Dass traditionelle Geschlechterrollen noch lange nicht überholt, sondern tief in unserer Kultur verankert sind, wird Frauen heute oft erst richtig bewusst, wenn sie schwanger sind und sich damit auseinandersetzen müssen, wie sie ihr Leben als Mutter gestalten wollen. Im Nachdenken über Möglichkeiten und vor allem Hindernisse, Care-Arbeit und Beruf zu verbinden, wird deutlich, wie begrenzt die Wahlmöglichkeiten sind, wie wenig Flexibilität es gibt und wie sehr unsere Gesellschaft eine partnerschaftliche Rollenteilung verhindert.

Bei allen Ansprüchen für ihr Dasein als Eltern erleben viele Frauen, dass am Ende die überwiegende Last der Care-Arbeit bei ihnen liegt. Viel zu selten gibt es eine gerechte Teilung. Auch Männer erleben, wie wenig ihre Care-Arbeit vom Arbeitgeber respektiert und gefördert wird. Soziolog:innen sprechen von einer Retraditionalisierung der Geschlechterrollen. Die berufliche Entwicklung und Karriere von Frauen wird dadurch behindert und eingeschränkt.

Seit fast 100 Jahren kämpfen Feministinnen mutig für Geschlechtergerechtigkeit. Und bei allen Erfolgen müssen wir feststellen, dass viele Ziele noch lange nicht erreicht sind. Das betrifft auch das Grundrecht, über den eigenen Körper zu verfügen. Besonders deutlich wird dies in Bezug auf Schwangerschaft, Geburt und Elternwerden.

Am Frauenkörper offenbaren sich gesellschaftliche Machtverhältnisse, hier werden sie ausgetragen. Als Hebammen kennen wir gewaltvolle Szenen rund um die Geburt – Bilder, die in ihrer Symbolik nicht deutlicher sein könnten und sich tief eingraben, nicht nur in die Körper und Seelen von Frauen, sondern auch in Generationen von Auszubildenden bei Hebammen und Mediziner:innen. Es ist schockierend und bedrückend zu erfahren, dass sich diese Haltungen und Kulturen über Jahrzehnte nicht wesentlich verändert haben – wie tief strukturelle Gewalt in den Institutionen verankert ist und wie sie mit jeder neuen Generation in der Sozialisation der Berufsgruppen institutionell, in der Ausbildung und in persönlichen Beziehungen weitergegeben wird.

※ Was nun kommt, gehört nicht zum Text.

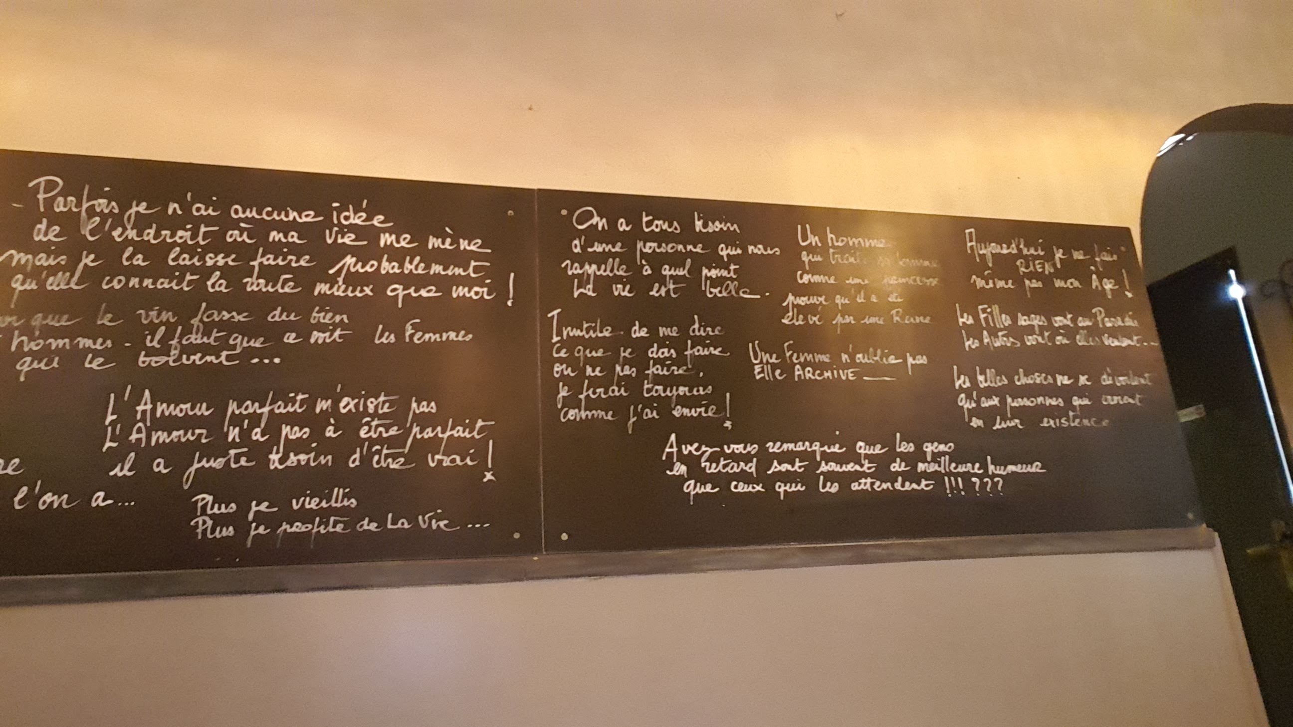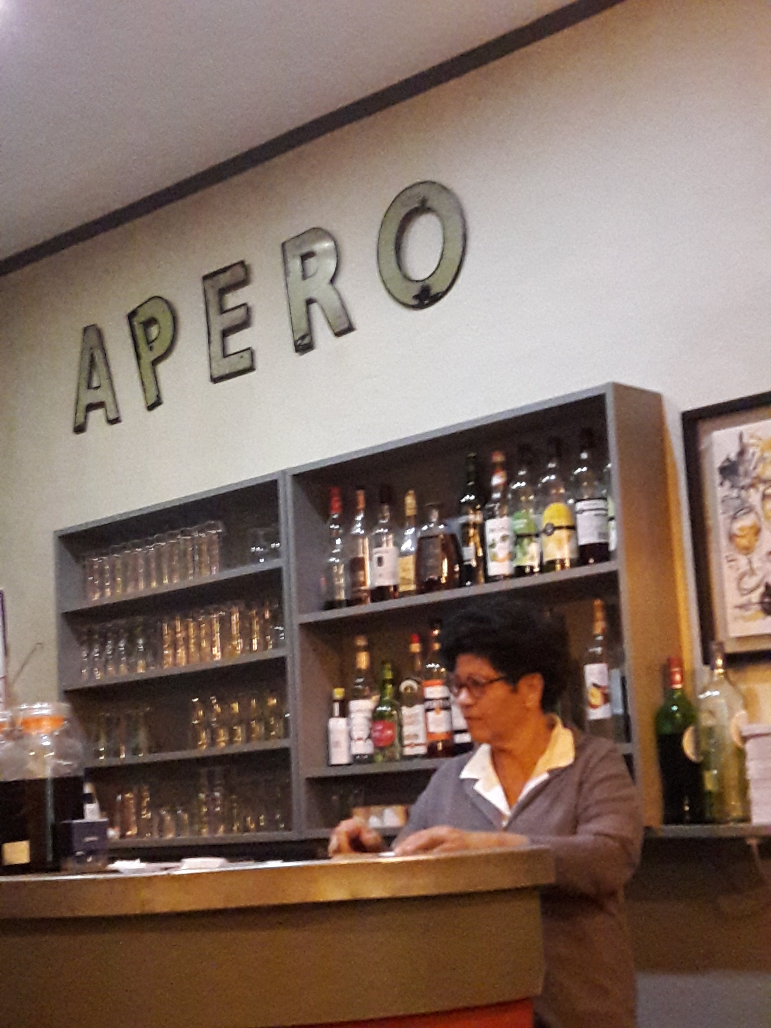 Lieu atypique, salle petite mais très conviviale, bon rapport qualité prix, cuissons parfaites (nous avons mangé une daube de poulpe et des supions à la provençale très tendres). Bon accueil et service rapide. Bref je recommande. Nous avons adoré les citations sur l'ardoise!

Frauenrechte sind Menschenrechte. Sie umzusetzen, ist ein langer Weg. In einem Arbeitsbereich, in dem der Frauenkörper im Fokus ist, erwächst den Berufsgruppen eine besondere Verantwortung – und ebenso die Chance für einen Wandel, strukturell und ganz unmittelbar. Denn Gewalt, Herabwürdigung und Diskriminierung ereignen sich in Beziehungen und bei aller Komplexität gibt es in jeder Situation Handlungsspielraum. Immer ist es möglich, einen Unterschied zu machen! Wir können wirksam sein, indem wir diese Situation für eine Frau, ein Paar, eine Familie frauenfreundlicher und damit menschlicher gestalten.